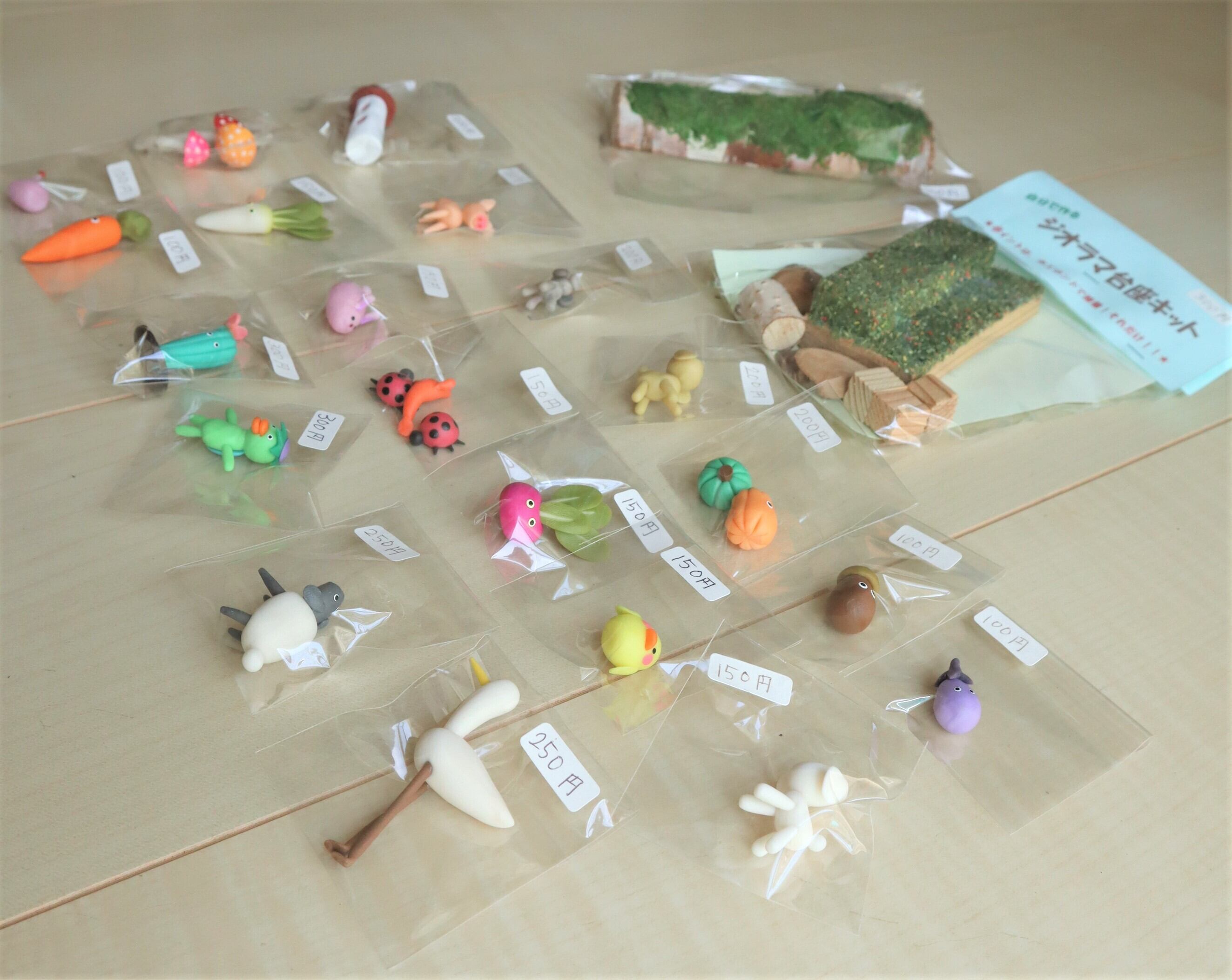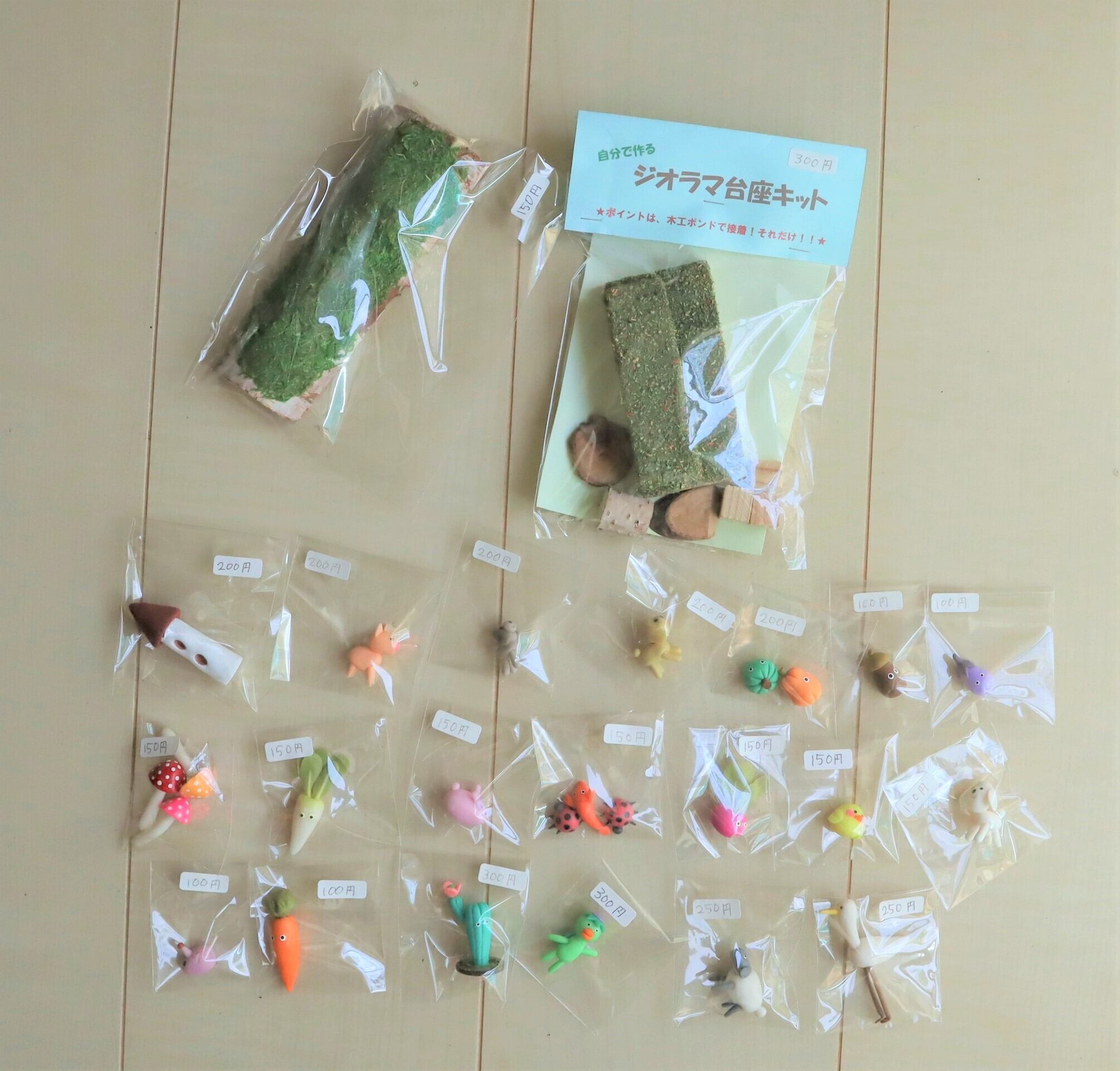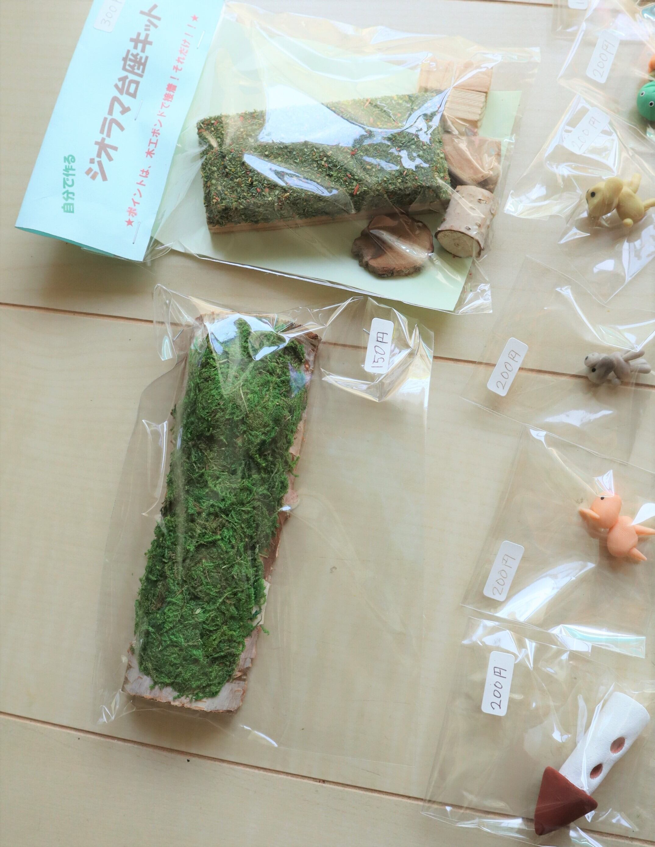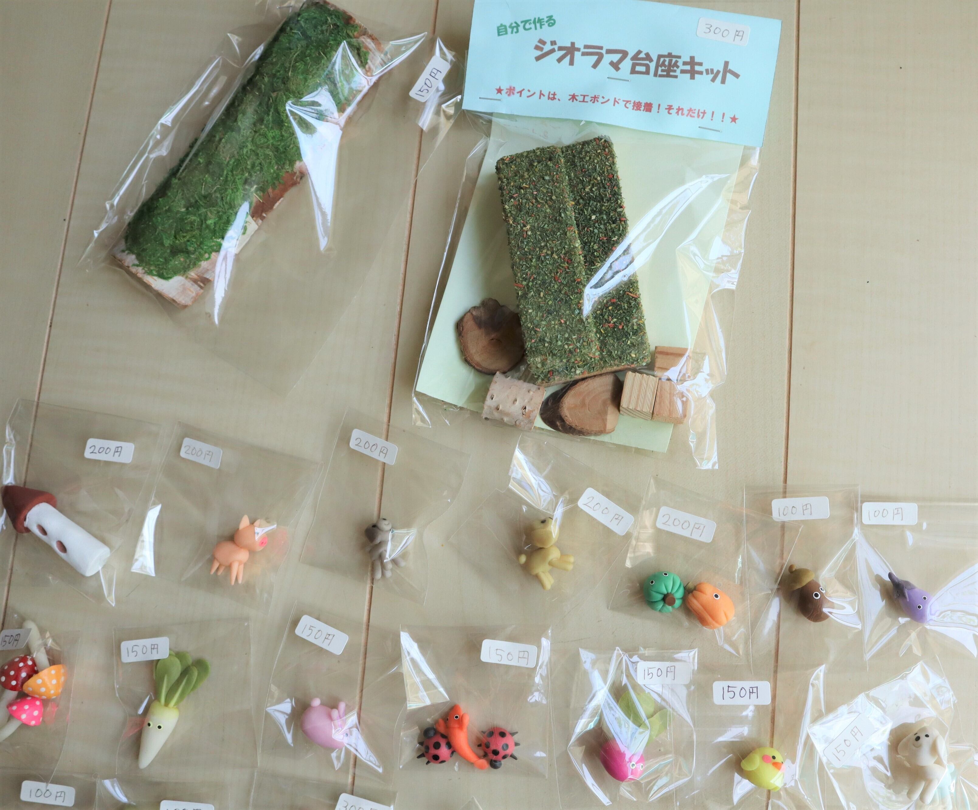 自分で作るジオラマの台座キットと小物のセットです。
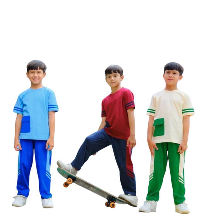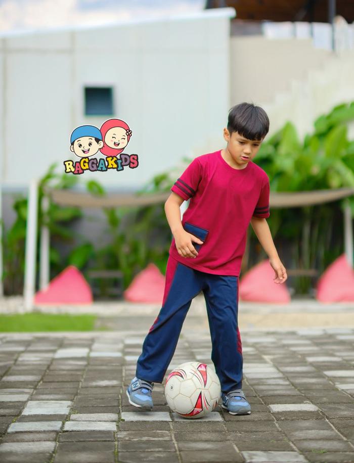 Raggakids Oneset Setelan Baju Olahraga Anak Laki Pakaian Senam Training Set Kaos Lengan Pendek Celana Panjang Usia 3-12
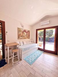 (193032360) - Cin. 090047C2000T4477 Settembre 300,00 / notte; Ottobre 250,00 / notte . A 6 minuti a piedi dalla bellissima Spiaggia Ira, a Porto Rotondo, e precisamente in Via Dei Pesci, proponiamo in locazione una piccola casa indipendente, edificata su un meraviglioso lotto di terreno completamente piantumato, pianeggiante ed estremamente riservato. All'interno del giardino è possibile parcheggiare 1 auto. La casa è disposta su due livelli, piano terra e piano semi interrato ma con finestre fuori terra. Al suo interno è così composta: Piano terra di mq 20 di superficie coperta, composto da cucina di 10 mq ca con divano letto e primo ampio servizio igienico finestrato, completo di tutti i sanitari e grande doccia. Da questa zona si accede ad una grande veranda coperta di 30 mq, arredata con tavoli, sedie, divani e piccolo barbecue mobile, ideale per i pasti all'aperto. Piano semi interrato accessibile da scala esterna, di ulteriori 20 mq circa, composto da camera matrimoniale, secondo servizio igienico completo di tutti i sanitari, ripostiglio con lavatrice. I posti letto sono: 2 nella camera matrimoniale posta al piano semi interrato, ed ulteriori 2 posti letto nel divano al piano terra, nella zona living. Disponibilità di culla o ulteriore lettino pieghevole. Questa soluzione è l'ideale per una coppia con 1 o 2 figli. Non è l'ideale, invece, per due coppie, in quanto è presente solo 1 letto matrimoniale. Disponibile da subito, già full per tutto il mese di Agosto. Inclusa biancheria e pulizie iniziali/ finali. Per maggiori informazioni contattare Valeria Ondradu.
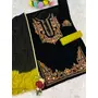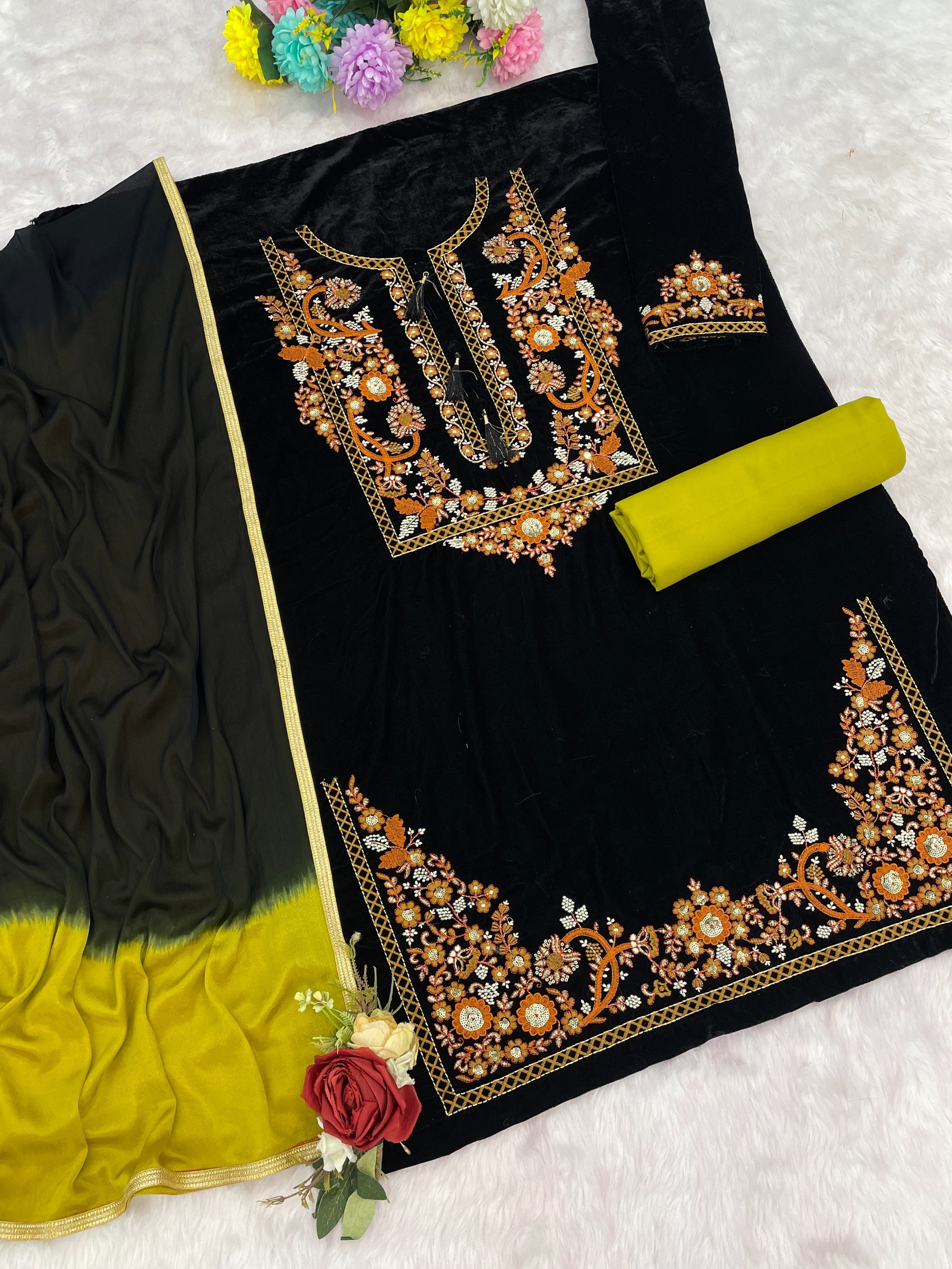 Mustard-black embroidery sequence & thread work velvet semi stitched salwar suit
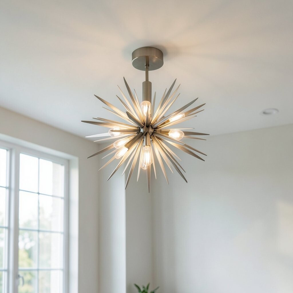 A starburst flush mount lamp feels lively and full of personality. The shape spreads outward like rays of light, giving the ceiling a fun and bold look.
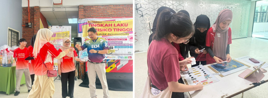 On 20 December 2025, The University Health Centre successfully organised The UKM High-Risk Behaviour Awareness Program 2025 at Pusanika, collaboration with several agencies including the Hulu Langat District Health Office (PKD Hulu Langat), Majlis AIDS Malaysia, Insaf Murni, the National Anti-Drug Agency (AADK), Royal Malaysia Police, the National Population and Family Development Board (LPPKN), and the Malaysian Red Crescent Society (UKM Branch),. The programme aimed to provide a clear understanding of high-risk behaviours such as smoking, vaping, drug abuse, unsafe sexual practices (HIV/AIDS) and bullying to prevent the spread of unhealthy behaviours within the campus community and to cultivate morally grounded and resilient university citizens. Students and staff received training through an explorace activity involving 10 checkpoints, comprising five HIV-related checkpoints, two on smoking/vaping, two on drugs, and one on bullying.

==*==

_What needs to be done_. Using the listing above, write out exactly the lines from the one that holds "Mustard-black embroidery sequence" through the last line, both included, and omit pictures.

_Output_.
 Mustard-black embroidery sequence & thread work velvet semi stitched salwar suit
 A starburst flush mount lamp feels lively and full of personality. The shape spreads outward like rays of light, giving the ceiling a fun and bold look.
 On 20 December 2025, The University Health Centre successfully organised The UKM High-Risk Behaviour Awareness Program 2025 at Pusanika, collaboration with several agencies including the Hulu Langat District Health Office (PKD Hulu Langat), Majlis AIDS Malaysia, Insaf Murni, the National Anti-Drug Agency (AADK), Royal Malaysia Police, the National Population and Family Development Board (LPPKN), and the Malaysian Red Crescent Society (UKM Branch),. The programme aimed to provide a clear understanding of high-risk behaviours such as smoking, vaping, drug abuse, unsafe sexual practices (HIV/AIDS) and bullying to prevent the spread of unhealthy behaviours within the campus community and to cultivate morally grounded and resilient university citizens. Students and staff received training through an explorace activity involving 10 checkpoints, comprising five HIV-related checkpoints, two on smoking/vaping, two on drugs, and one on bullying.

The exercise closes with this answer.